On the heels of the chief's remarks, looking at it again, and from a municipal perspective, we're attempting to increase our number of secondments to RCMP E Division INSET unit. We currently have only two members seconded. We're going to three, but I would like to see that increase even more.
Within the Vancouver Police Department over the last six years, we've increased the number of files that my unit, which looks into counterterrorism and national security files, from 13 files to 268 files, without an increase in our staff. In fact, it's a decrease because, as Chief Martin pointed out, we're having other issues, like a regional gang war that's going on right now, so we're very much stretched to the limit.
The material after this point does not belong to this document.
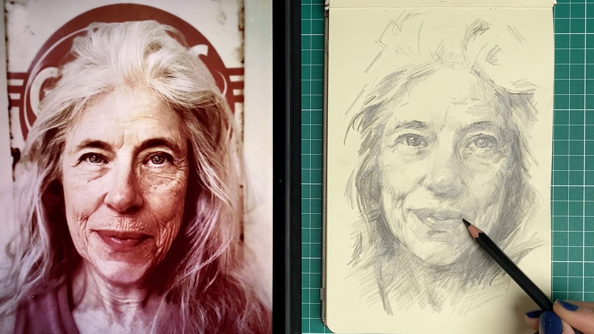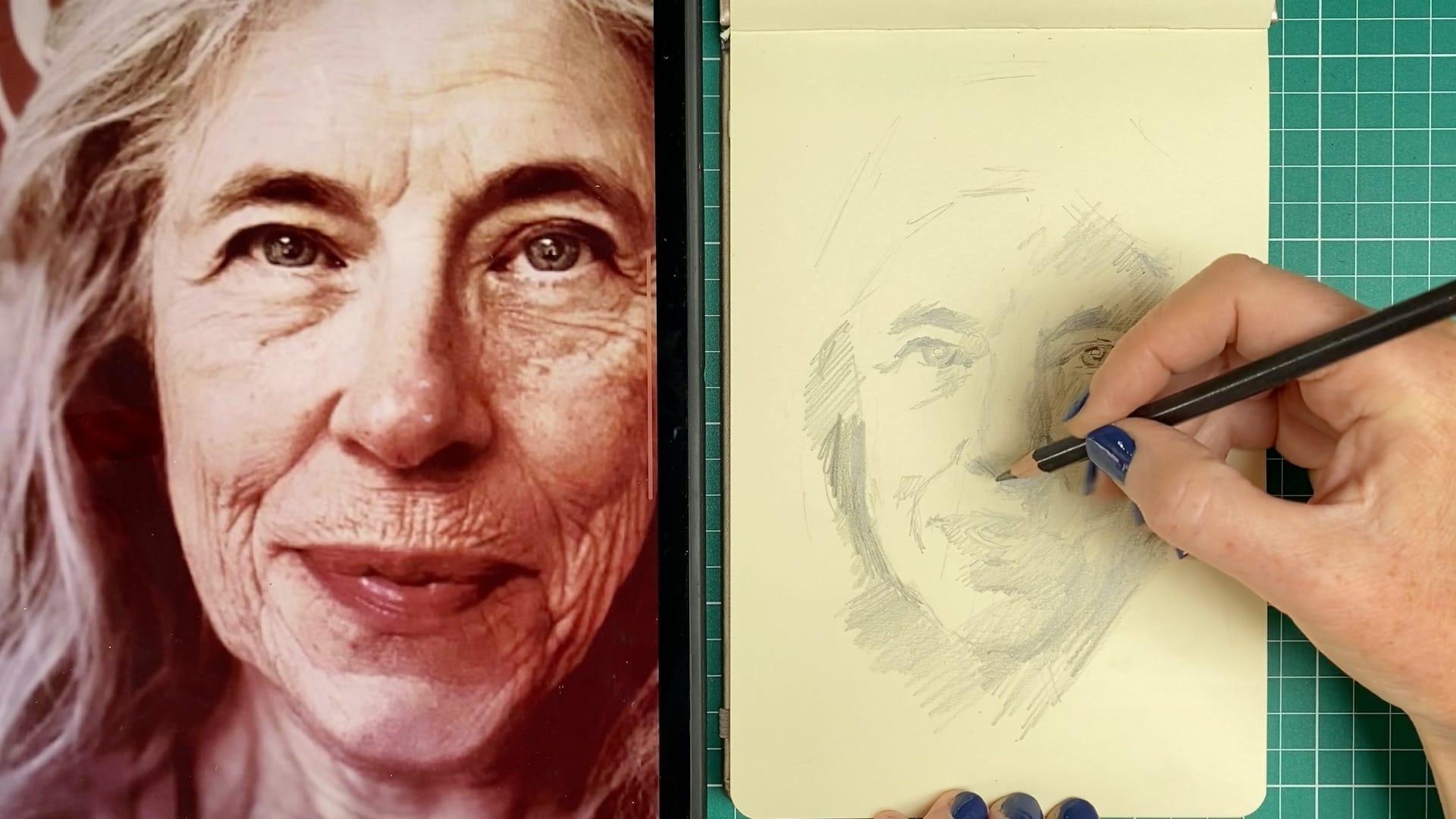 In this graphite lesson, Laura Cronin builds her portrait with care and curiosity, using a shifting array of pencil grades from 2B to 14B. Rather than chasing photorealism, she invites you to observe values in motion: to see the face not as a fixed object, but as a living surface of light, age, expression, and form.
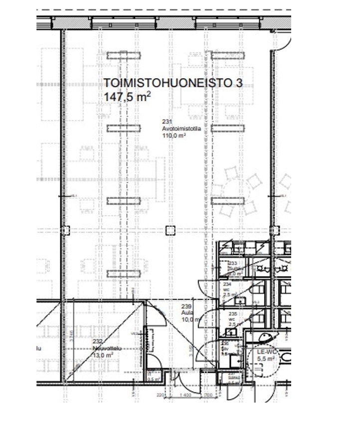 Vapautumassa monikäyttöistä toimistotilaa E-rapun 2. kerroksesta. Tilan koko on 147m2. Se koostuu avotilasta, neuvotteluhuoneesta ja omista wc-tiloista.

We are called upon, in the first instance, to look at potential bomb calls; anti-government remarks regarding ISIS or al Qaeda; suspicious circumstances, such as people taking photographs of critical infrastructure; and then individuals who are involved in terrorism or radicalism. We, as a police jurisdiction, will look at those files initially, and if they meet the threshold for national security, then they are forwarded to INSET.
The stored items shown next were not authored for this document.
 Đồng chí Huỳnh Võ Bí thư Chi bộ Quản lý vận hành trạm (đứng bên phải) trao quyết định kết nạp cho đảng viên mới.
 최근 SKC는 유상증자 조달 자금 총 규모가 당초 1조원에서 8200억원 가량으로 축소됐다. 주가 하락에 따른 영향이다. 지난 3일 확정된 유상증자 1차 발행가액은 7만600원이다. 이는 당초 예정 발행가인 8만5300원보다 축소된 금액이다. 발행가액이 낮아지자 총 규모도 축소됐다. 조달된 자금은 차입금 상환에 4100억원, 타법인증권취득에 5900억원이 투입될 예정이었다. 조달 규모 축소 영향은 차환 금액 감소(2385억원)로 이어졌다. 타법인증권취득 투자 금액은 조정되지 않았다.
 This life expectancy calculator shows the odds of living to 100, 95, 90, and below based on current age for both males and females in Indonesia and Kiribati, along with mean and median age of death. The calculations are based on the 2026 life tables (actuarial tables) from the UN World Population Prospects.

We're doing a lot of the training ourselves, in-house, whether it's a counterterrorism information officer training project or Operation SECURUS, working with the private sector to train businesses to become familiar with what to look for in terms of potential terrorist threats.
That said, our relationship with INSET has probably never been better. It's just that we're all at our end—and I won't speak on behalf of the RCMP—spread very thinly.